Indian high speed rail line

The Ahmedabad–Dholera High-Speed Rail Corridor is an approved high speed rail project of Indian Railways in the state of Gujarat.
The line will connect the state's largest city, Ahmedabad(sarkhej), to the Dholera Special Investment Region (SIR) and the upcoming Dholera International Airport. Indian Railways plans to commission the line by the year 2031.

The 134-kilometre (83 mi) long, broad-gauge, double-track corridor will have a design speed of 220 km/h
as well as a 70 km (43 mi) long elevated viaduct. The corridor will utilize indigenous developed technologies, including rolling stock, signaling, and design standards.

The transition to these rails may lower the region's carbon footprint by cutting carbon dioxide emissions by an expected 20 million kilograms.

== Design ==
The project will utilize advanced, indigenously-manufactured broad-gauge trainsets currently under development by the Integral Coach Factory in Chennai.
The rolling stock will have a top speed of 220 km/h and will be based on the Vande Bharat (trainset) platform.The project will have a 74 km long elevated viaduct, three mega bridges, 39 road-under-bridges and two rail-over-rail crossings

== Route and connectivity ==
The proposed railway corridor will begin at Sarkhej in Ahmedabad and extend towards Dholera. The project is planned to improve rail connectivity to the Dholera Special Investment Region, which is being developed as an industrial and manufacturing centre in Gujarat. The corridor will also provide connectivity to the upcoming Dholera Airport and the National Maritime Heritage Complex at Lothal.

According to the Ministry of Railways, the project is expected to benefit approximately 284 villages with a combined population of around 500,000 people. The improved railway connection is intended to facilitate faster commuting between Ahmedabad and Dholera and support same-day travel between the two areas.

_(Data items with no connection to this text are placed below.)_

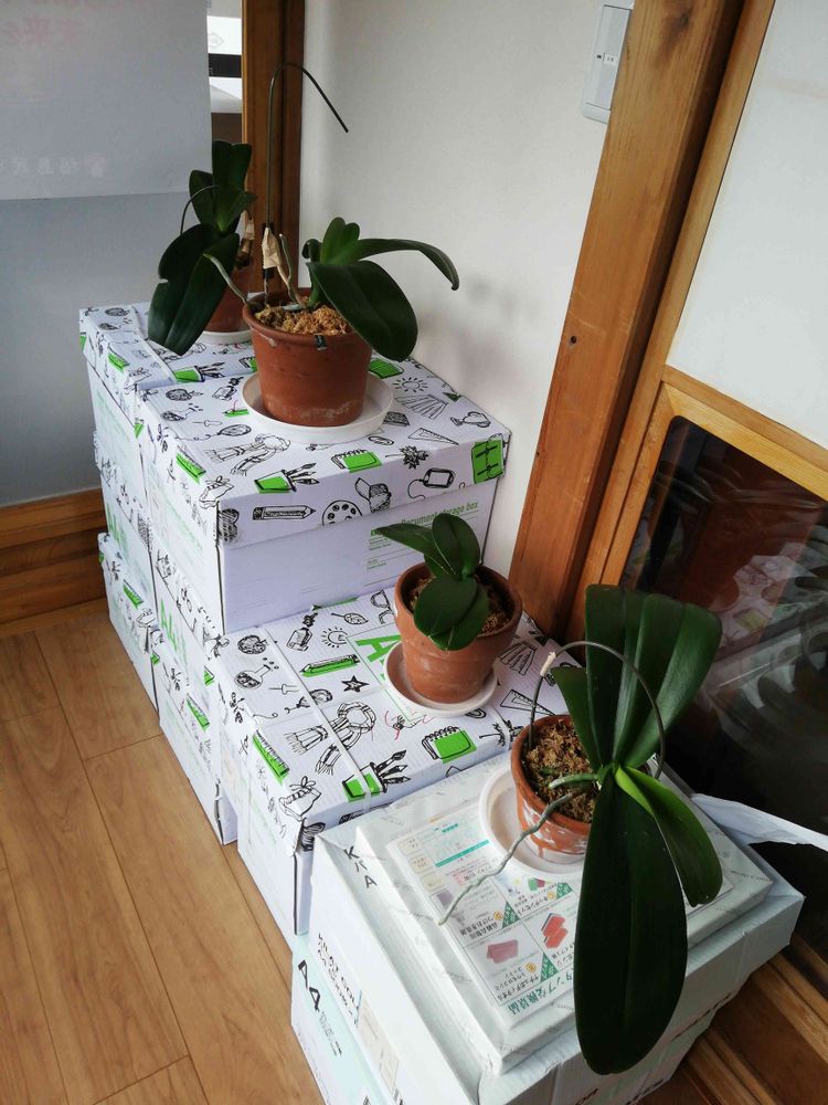 おはようございます。我が家の同居植物。胡蝶蘭。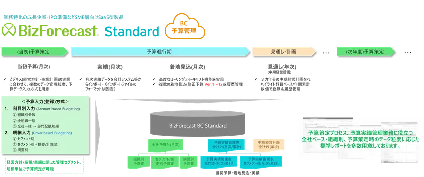 「BizForecast BC」は、主に成長企業・IPO準備企業などSMB層向けに提供する(マルチテナント)クラウドサービスです。勘定科目より細かい粒度による予算策定が可能であり、当初予算策定と進行期に入ってからの予算実績管理だけでなく、複数回の着地見込み(修正予算検討・シミュレーション)の策定および履歴管理、ローリングフォーキャストによる精度の高い予算管理を実現できます。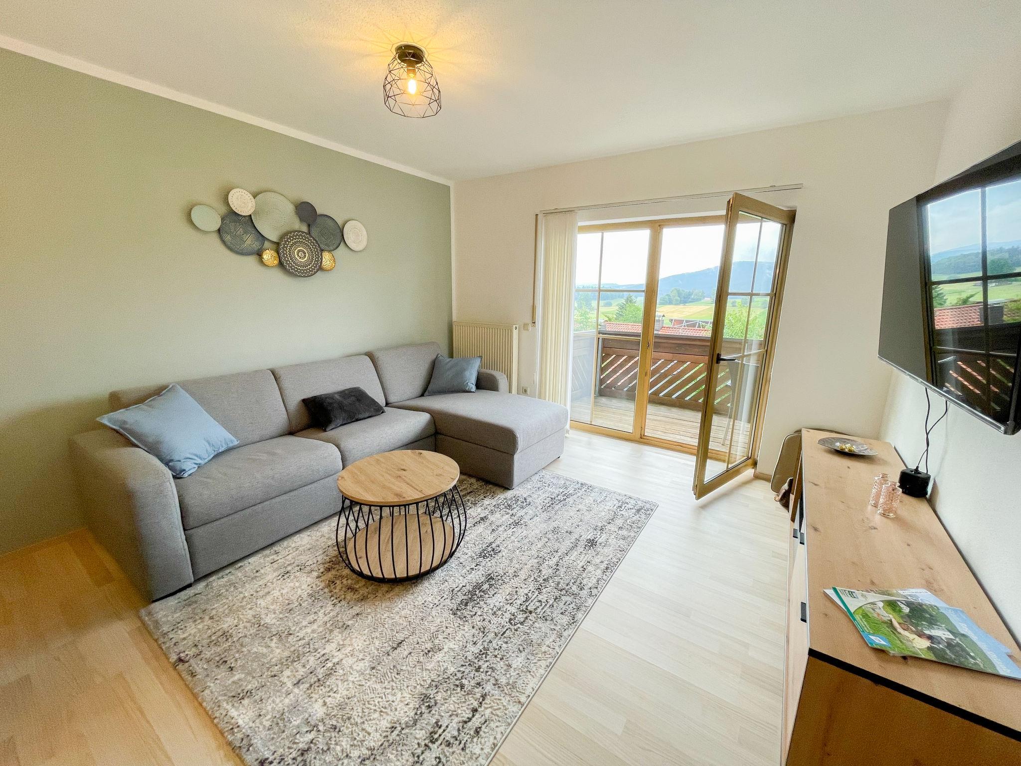 Apartment house, 3 storeys. In the district of March 7 km from the centre of Regen, 9 km from the centre of Bischofsmais, 25 km from the centre of Deggendorf, on a slope, in a cul-de-sac. Steep footpath to the house. Parking (limited number of spaces). Grocery 400 m, supermarket 6 km, restaurant, bakery 400 m, bus stop "Triefenried" 1.3 km, railway station "Regen" 8 km. Children's playground 200 m. Well-known ski regions can easily be reached: Geißkopf 6 km. Hiking paths: Geißkopf 6 km. E-charging station 200 m.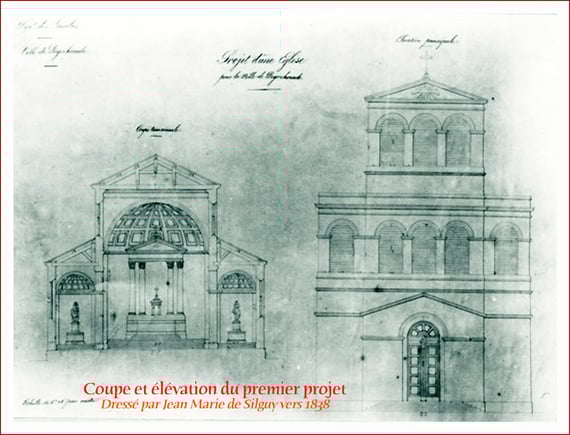 de la future église. Jean Marie de SILGUY, ingénieur des Ponts et Chaussées, après avoir dressé les plans du pont, établit un premier projet de style néo classique qui n’est pas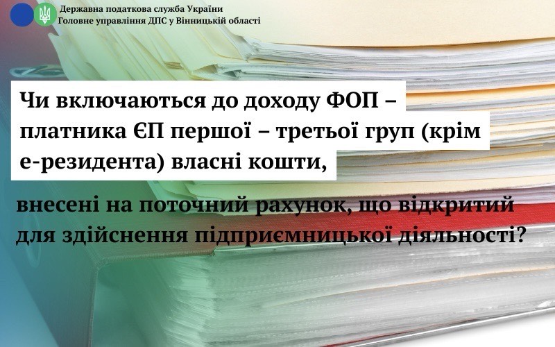 Також слід зазначити, що до доходу фізичної особи – підприємця – платника єдиного податку першої-третьої групи не включаються власні кошти, які внесені на рахунок у банку, відкритий для здійснення підприємницької діяльності, за умови, що такі кошти оподатковувалися під час їх нарахування (виплати) у порядку, визначеному ПКУ, та за наявності документів, які підтверджують сплату податків та зборів, зокрема, але не виключено відомостей з Державного реєстру фізичних осіб – платників податків про джерела та суми нарахованого доходу, нарахованого (перерахованого) податку та військового збору, розрахункових документів тощо.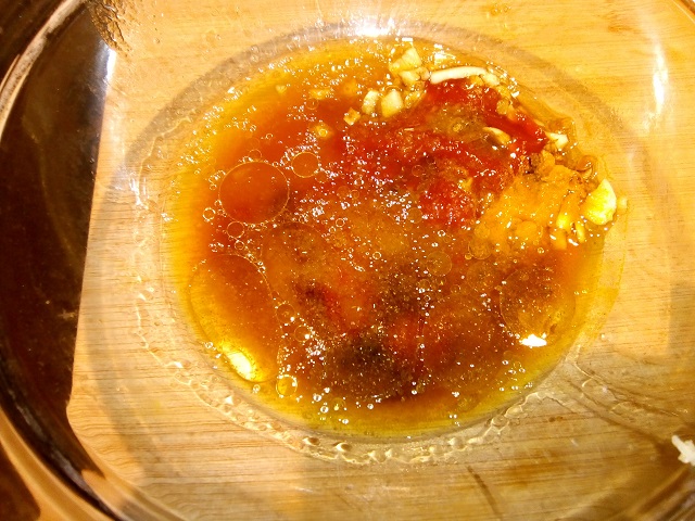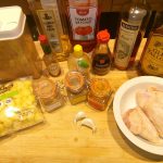 Meng in een ruime kom: de knoflook, olijfolie, ketchup, sojasaus, komijn. koriander, kurkuma, witte wijnazijn, citroensap, rietsuiker, whisky, tabasco, zout, peper. Voeg de kipvleugels toe. Meng goed door elkaar. Dek de kom af met huishoudfolie en laat minimaal 4 uur marineren in de koelkast. Verwarm de oven voor op 220°.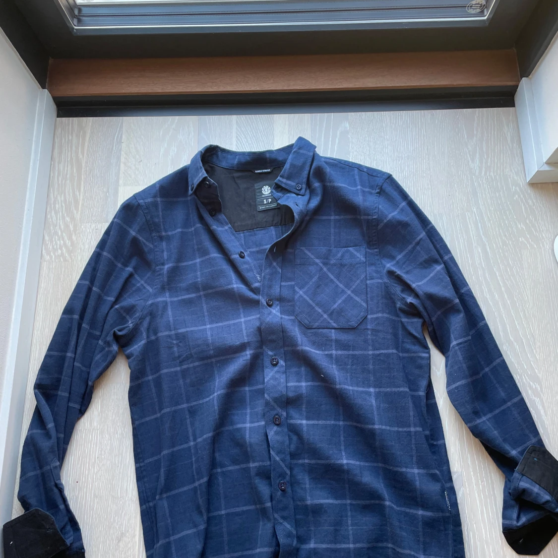Snygg mörkblå rutig skjorta i flanell tyg.knappt använd mycket bra skick. 150kr+frakt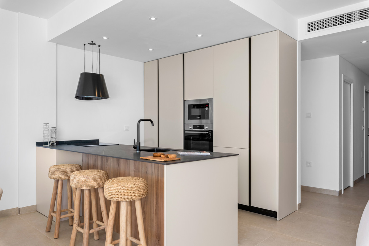 Moderne lejligheder i stilrent design, skabt med åbne rum og store vinduer, køkkenø og soveværelse med walk-in-closet. To badeværelser. Stuelejlighederne har store terrasser med udsigt til poolen, mens penthouse-lejlighederne har et solarium på over 70 m². Alle boliger inkluderer en parkeringsplads i kælderen samt depotrum.

The corridor forms part of a wider transport network being developed in the Ahmedabad–Dholera region. It is planned alongside road, airport and industrial infrastructure to improve multimodal connectivity.

== Project ==
The Ahmedabad–Dholera Semi High-Speed Rail Corridor was approved by the Cabinet Committee on Economic Affairs in May 2026. The project has an estimated cost of ₹20,667 crore and comprises approximately 134 km of double-track railway between Sarkhej in Ahmedabad and Dholera. The project is planned for completion during 2030–31. The Ministry of Railways has described it as the first semi-high-speed rail project of Indian Railways to use indigenously developed technology.

The corridor is intended to provide faster passenger connectivity between Ahmedabad and the Dholera region. It will connect the Dholera Special Investment Region (SIR), the upcoming Dholera Airport and the National Maritime Heritage Complex at Lothal with the Ahmedabad metropolitan area.

== Relationship with the Ahmedabad–Dholera Expressway ==
The railway corridor is being developed as part of the wider transport infrastructure between Ahmedabad and Dholera. The Ahmedabad Dholera Expressway provides road connectivity between the two regions, while provision has been made for the development of a semi-high-speed railway corridor along the expressway alignment.

The Government of India has stated that a 30-metre right-of-way for the proposed railway corridor was acquired along the Ahmedabad–Dholera Expressway. The railway is intended to complement the expressway by providing a dedicated passenger rail connection between Ahmedabad and the Dholera region.